**The task:** Reproduce the material below only from the line with "Snow-covered summit peak" to the line with "A cozy cable", both included, keeping each line exact and dropping the pictures.

**Exercise materials:**
_____
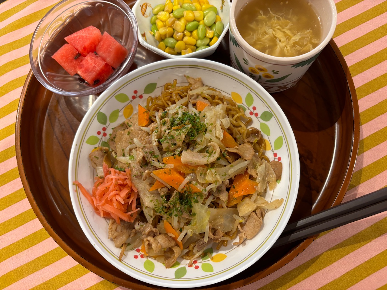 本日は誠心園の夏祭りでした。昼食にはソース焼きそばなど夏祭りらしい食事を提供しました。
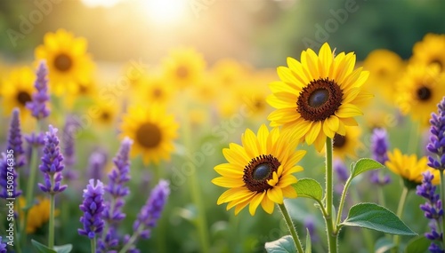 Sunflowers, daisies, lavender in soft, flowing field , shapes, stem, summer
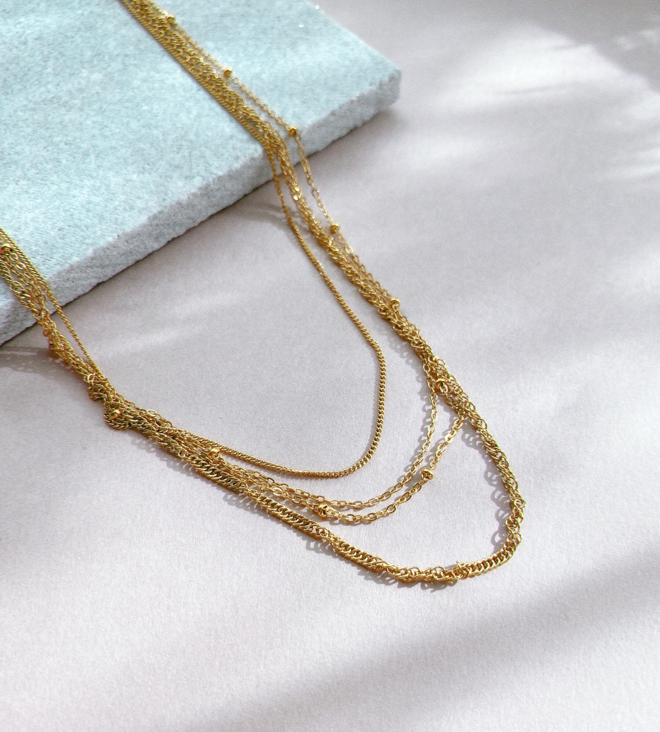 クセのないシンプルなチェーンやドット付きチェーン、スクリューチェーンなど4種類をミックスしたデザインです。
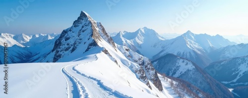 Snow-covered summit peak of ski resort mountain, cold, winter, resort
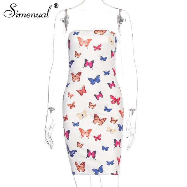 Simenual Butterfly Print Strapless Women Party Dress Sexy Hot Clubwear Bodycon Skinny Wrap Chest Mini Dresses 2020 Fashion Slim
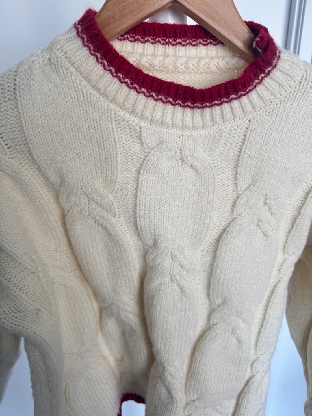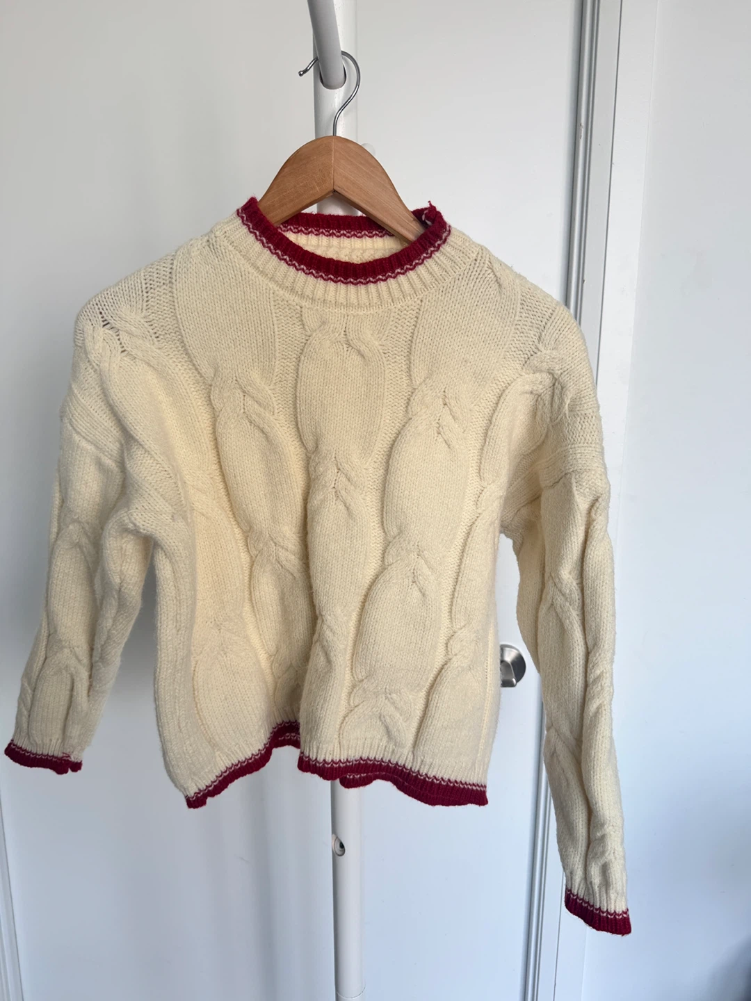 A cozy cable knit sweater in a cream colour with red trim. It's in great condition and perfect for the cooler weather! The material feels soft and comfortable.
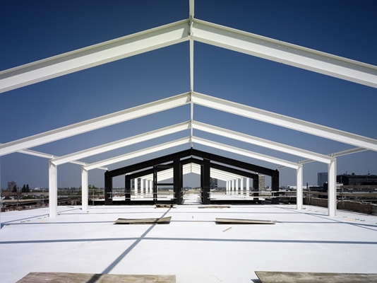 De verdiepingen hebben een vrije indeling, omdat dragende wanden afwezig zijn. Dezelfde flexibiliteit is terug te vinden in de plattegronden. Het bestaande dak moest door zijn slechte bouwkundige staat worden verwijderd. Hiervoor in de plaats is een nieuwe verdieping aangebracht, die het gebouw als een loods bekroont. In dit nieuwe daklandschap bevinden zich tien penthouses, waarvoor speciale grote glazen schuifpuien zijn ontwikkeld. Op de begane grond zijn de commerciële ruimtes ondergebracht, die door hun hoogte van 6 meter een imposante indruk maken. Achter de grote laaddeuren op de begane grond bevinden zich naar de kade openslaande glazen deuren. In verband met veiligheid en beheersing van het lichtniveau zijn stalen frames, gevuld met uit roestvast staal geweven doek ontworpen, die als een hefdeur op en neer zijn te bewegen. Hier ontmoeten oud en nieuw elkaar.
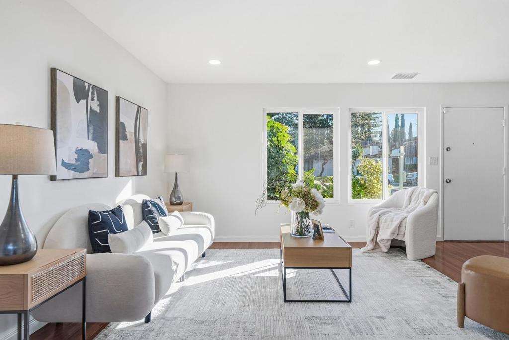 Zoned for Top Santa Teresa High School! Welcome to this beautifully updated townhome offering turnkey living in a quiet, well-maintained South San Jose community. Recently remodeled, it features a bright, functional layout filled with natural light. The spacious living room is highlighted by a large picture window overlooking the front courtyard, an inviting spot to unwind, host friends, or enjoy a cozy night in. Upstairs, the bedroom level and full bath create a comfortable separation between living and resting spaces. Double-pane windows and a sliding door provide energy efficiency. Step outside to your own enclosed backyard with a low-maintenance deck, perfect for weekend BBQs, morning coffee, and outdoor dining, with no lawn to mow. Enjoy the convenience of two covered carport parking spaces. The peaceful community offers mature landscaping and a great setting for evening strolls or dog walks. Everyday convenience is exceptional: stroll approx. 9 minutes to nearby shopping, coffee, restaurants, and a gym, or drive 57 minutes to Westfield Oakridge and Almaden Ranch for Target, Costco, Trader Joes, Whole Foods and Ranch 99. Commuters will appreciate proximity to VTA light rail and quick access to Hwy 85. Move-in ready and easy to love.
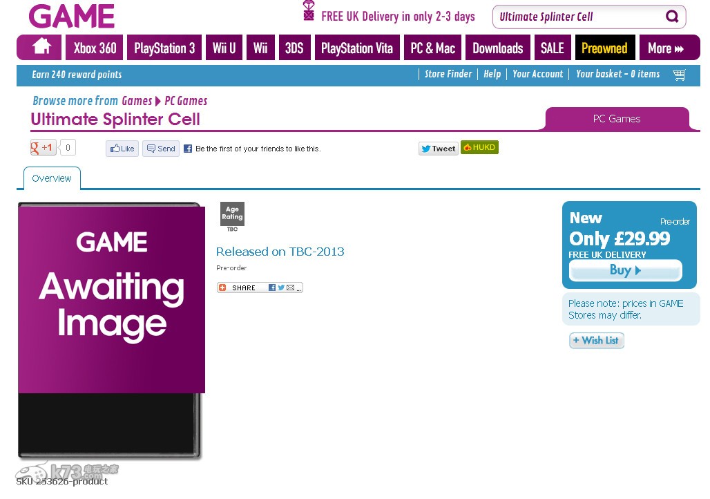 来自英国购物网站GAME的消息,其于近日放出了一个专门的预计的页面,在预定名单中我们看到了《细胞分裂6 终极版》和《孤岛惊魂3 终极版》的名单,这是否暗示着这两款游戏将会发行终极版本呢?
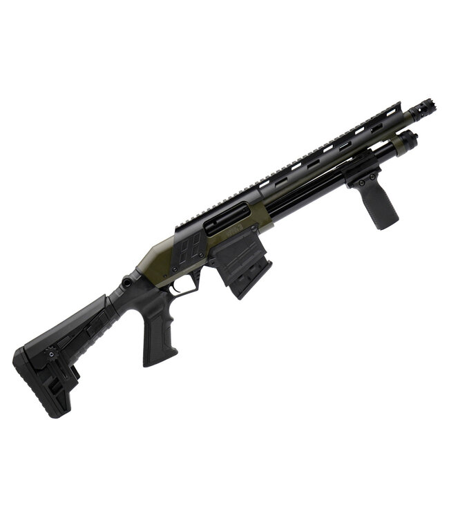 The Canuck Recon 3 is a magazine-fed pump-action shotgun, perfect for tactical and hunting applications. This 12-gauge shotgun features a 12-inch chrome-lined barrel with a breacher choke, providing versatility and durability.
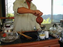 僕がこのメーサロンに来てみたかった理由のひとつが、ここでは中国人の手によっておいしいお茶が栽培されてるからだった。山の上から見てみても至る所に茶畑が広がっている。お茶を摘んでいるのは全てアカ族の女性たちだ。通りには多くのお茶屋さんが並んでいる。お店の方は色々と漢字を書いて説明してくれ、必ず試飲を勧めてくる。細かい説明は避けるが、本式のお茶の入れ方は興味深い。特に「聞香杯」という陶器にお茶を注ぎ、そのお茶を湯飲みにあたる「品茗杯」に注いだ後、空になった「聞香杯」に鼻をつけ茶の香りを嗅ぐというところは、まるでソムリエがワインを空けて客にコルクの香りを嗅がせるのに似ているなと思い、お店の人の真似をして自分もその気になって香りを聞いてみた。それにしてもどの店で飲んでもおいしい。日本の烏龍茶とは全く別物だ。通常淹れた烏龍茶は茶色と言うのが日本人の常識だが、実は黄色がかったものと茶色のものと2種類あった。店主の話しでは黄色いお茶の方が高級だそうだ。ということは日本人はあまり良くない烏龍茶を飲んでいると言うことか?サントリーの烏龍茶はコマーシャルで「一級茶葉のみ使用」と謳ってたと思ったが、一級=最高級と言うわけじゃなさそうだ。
_____
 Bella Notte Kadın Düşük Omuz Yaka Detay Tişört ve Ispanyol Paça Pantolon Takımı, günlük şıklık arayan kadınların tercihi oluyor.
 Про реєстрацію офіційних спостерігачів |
_____
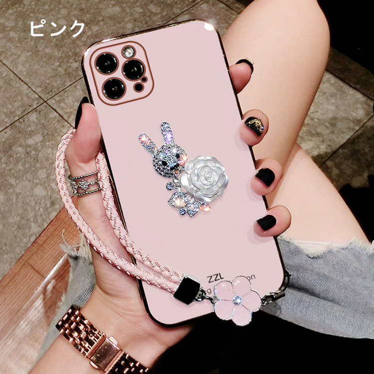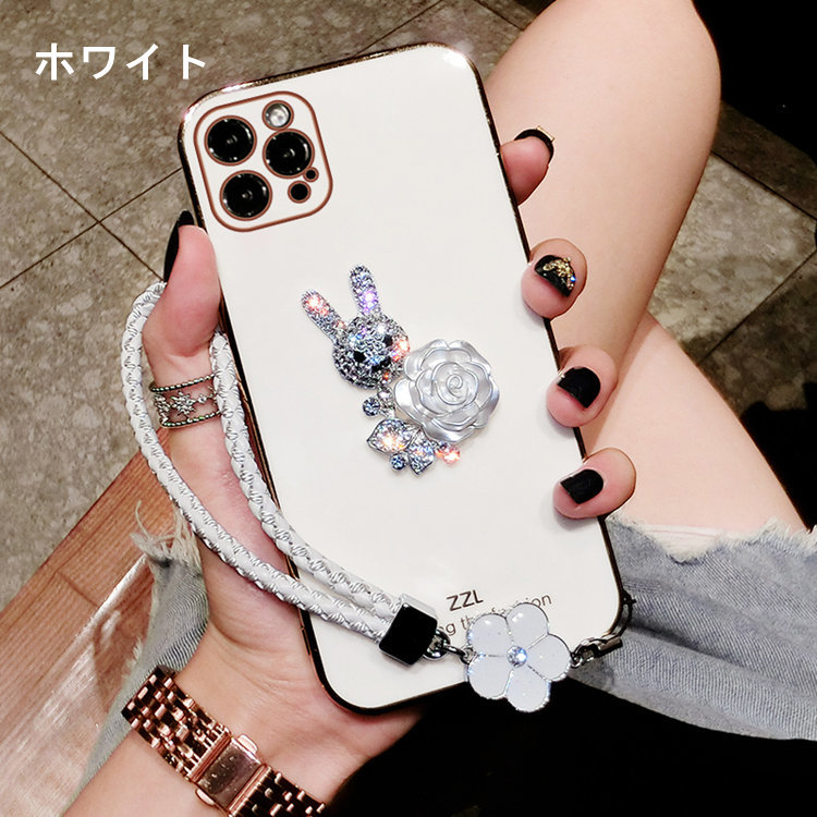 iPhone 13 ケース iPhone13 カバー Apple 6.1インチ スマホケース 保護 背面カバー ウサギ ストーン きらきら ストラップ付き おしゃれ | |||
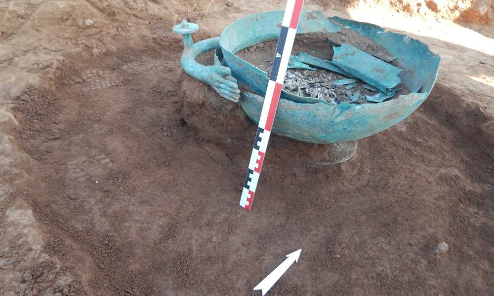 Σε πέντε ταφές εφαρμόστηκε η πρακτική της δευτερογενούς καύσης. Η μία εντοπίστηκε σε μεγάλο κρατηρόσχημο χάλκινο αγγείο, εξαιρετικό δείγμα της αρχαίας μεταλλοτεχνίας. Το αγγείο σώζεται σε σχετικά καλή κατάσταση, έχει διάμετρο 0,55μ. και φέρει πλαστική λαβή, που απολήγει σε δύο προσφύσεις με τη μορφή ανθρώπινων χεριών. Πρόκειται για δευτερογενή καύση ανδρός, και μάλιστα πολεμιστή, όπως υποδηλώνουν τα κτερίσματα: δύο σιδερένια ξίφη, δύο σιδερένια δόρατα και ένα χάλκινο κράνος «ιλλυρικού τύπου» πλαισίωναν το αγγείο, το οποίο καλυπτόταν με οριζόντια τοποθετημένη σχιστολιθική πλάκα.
_____
**Solution:**
 Snow-covered summit peak of ski resort mountain, cold, winter, resort
 Simenual Butterfly Print Strapless Women Party Dress Sexy Hot Clubwear Bodycon Skinny Wrap Chest Mini Dresses 2020 Fashion Slim
 A cozy cable knit sweater in a cream colour with red trim. It's in great condition and perfect for the cooler weather! The material feels soft and comfortable.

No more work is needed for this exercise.